[Your task] Exact copies of the lines below are the goal; any images in them are dropped.

[The data]
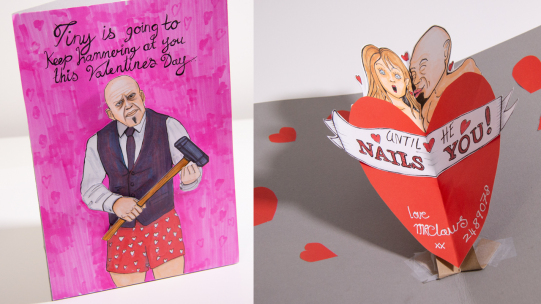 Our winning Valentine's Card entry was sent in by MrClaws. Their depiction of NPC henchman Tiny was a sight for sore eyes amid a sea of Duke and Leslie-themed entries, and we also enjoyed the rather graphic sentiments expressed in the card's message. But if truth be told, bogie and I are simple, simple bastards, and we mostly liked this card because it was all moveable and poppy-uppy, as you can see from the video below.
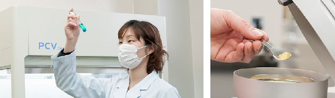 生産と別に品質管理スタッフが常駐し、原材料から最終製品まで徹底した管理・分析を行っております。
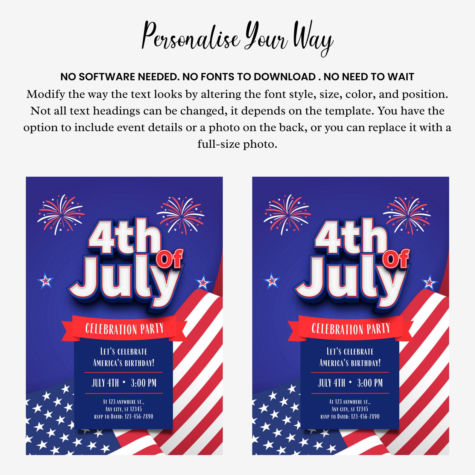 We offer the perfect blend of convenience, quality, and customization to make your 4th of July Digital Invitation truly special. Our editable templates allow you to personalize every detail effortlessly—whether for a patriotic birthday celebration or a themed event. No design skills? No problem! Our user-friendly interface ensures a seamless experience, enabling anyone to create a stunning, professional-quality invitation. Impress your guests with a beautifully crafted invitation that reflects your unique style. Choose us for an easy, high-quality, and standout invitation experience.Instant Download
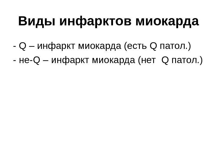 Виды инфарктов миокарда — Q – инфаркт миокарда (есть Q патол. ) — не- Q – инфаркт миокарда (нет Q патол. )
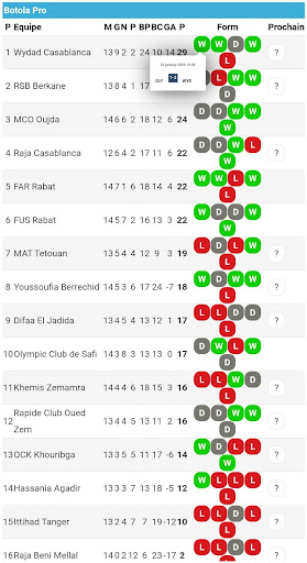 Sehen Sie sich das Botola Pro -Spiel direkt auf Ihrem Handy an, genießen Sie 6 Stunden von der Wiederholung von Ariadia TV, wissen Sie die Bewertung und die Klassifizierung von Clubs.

[Output of the exercise]
 Our winning Valentine's Card entry was sent in by MrClaws. Their depiction of NPC henchman Tiny was a sight for sore eyes amid a sea of Duke and Leslie-themed entries, and we also enjoyed the rather graphic sentiments expressed in the card's message. But if truth be told, bogie and I are simple, simple bastards, and we mostly liked this card because it was all moveable and poppy-uppy, as you can see from the video below.
 生産と別に品質管理スタッフが常駐し、原材料から最終製品まで徹底した管理・分析を行っております。
 We offer the perfect blend of convenience, quality, and customization to make your 4th of July Digital Invitation truly special. Our editable templates allow you to personalize every detail effortlessly—whether for a patriotic birthday celebration or a themed event. No design skills? No problem! Our user-friendly interface ensures a seamless experience, enabling anyone to create a stunning, professional-quality invitation. Impress your guests with a beautifully crafted invitation that reflects your unique style. Choose us for an easy, high-quality, and standout invitation experience.Instant Download
 Виды инфарктов миокарда — Q – инфаркт миокарда (есть Q патол. ) — не- Q – инфаркт миокарда (нет Q патол. )
 Sehen Sie sich das Botola Pro -Spiel direkt auf Ihrem Handy an, genießen Sie 6 Stunden von der Wiederholung von Ariadia TV, wissen Sie die Bewertung und die Klassifizierung von Clubs.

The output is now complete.